Haha, don't we all? But, unfortunately there's not much consensus as to what the functions actually are, thus all the bickering 
Some of Lenore Thomson's descriptions: 



*Introverted Thinking:*

“Although Introverted Thinking and Introverted Feeling both prompt us to *reason* perceptually, as a situation is happening, the preside over different areas of Judgment. *Introverted thinking is dispassionate and impersonal, prompting an interest in systemic logic: the probably consequences of immediate choice. For example, if we drill new holes into our shelf groove, we will have to compensate at other points in the process?*” (366).

“*ITPs*, for whom Introverted Thinking is primary, are usually creative technicians of one sort or another who *reason literally in terms of patterns and emerging variables*. Paul Simon, for example, talks about the constant evolution of a song has he exploits its structural potential, incorporating a snatch of Bach here, a gospel chord change there, each decision affecting the whole, creating new consequences and possibilities” (366).
_______

*Introverted Feeling:*

“*Introverted Feeling* focuses our attention differently. It *encourages a personal relationship with an evolving pattern, a will to gauge the situation by an experiential ideal*. For example, if we use Introverted Feeling to make a good spaghetti sauce, we won’t follow recipes or measure ingredients. We’ll sample the sauce as we’re making it, gauging its taste, smell, and texture by their ideal outcome and adjusting for circumstantial variables so the emerging patterns stays on track” (367).

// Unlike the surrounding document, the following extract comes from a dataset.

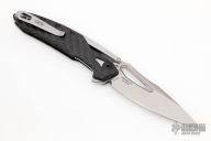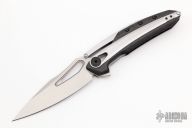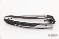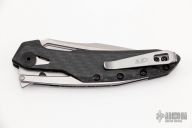 This ZT is reliably strong thanks to its steel construction. Other elements pay homage to the original 0999, including an exposed “floating bridge” near the top of the handle, carbon fiber scales with a front steel overlay, and cutout windows in the blade and near the pivot. Instead of a ZT logo on the blade itself, the words “Zero Tolerance” are subtly embossed into the backspacer. The CPM-20CV blade offers excellent edge retention and opens reliably with KVT ball bearings. Includes the original box and papers. Ser 0813. Excellent Condition.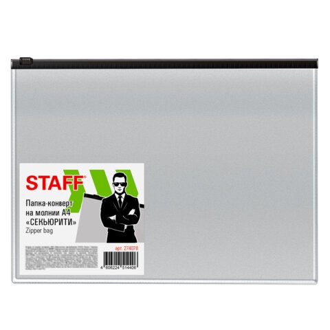 Папка-конверт СЕКЬЮРИТИ на молнии А4 (230х333 мм), ПВХ, непрозрачная, серая, STAFF, 274078

“*Although this process might be called aesthetic judgment, it doesn’t operate on the basis of artistic principles. Its basis is living, breathing, firsthand experience. If we’ve never encountered a decent spaghetti sauce, we wouldn’t use Introverted Feeling.* We’d turn to objective Judgment: acquire a recipe (Extraverted Thinking) or ask a friend for advice (Extraverted Feeling). We might even use Introverted Thinking and experiment. *To invoke Introverted Feeling, however, we have to know the difference between a good outcome and a bad one—know with our senses, in our bones*” (367).
_______

* Both Ti and Fi are forms of reasoning
* They are both situational (which is why, according to this theorist, Ji expresses itself as Perceiving in MBTI--because Ji doesn't create criteria that can be applied to any situation to make it predictable). 
* They aren't consciously thought out, all though, their decisions can be accessed by reflecting/asking the self why or how they suddenly came to that conclusion.

* Like @_JungyesMBTIno_ said, Fi operates on ideals. It holds an expectation of how should affect people for the better/in a positive way; it should make you feel good. The ideal however is subjective--rooted in personal experience. Ti differs because it's not focused on how the situation is affecting, but rather it notices the logical relation between "facts" (could be people, but it would still hold an impersonal attitude). However, I'm not sure how Ti, from this perspective, remains consistent with Jung's idea about the Introverted processes being "subjective", ie related to the Self/Ego.
_______

*Examples*: 

*Assembling a bookcase.*

* *Introverted Thinking would prompt us to reason with situational logic: to deal with immediate variables as they happen*. Perhaps the holes in the second shelf don’t line up with the holes in the groove it’s supposed to occupy. Our step-by-step instructions don’t cover this possibility, so we have to consider our options and their probable effects on the whole project” (366).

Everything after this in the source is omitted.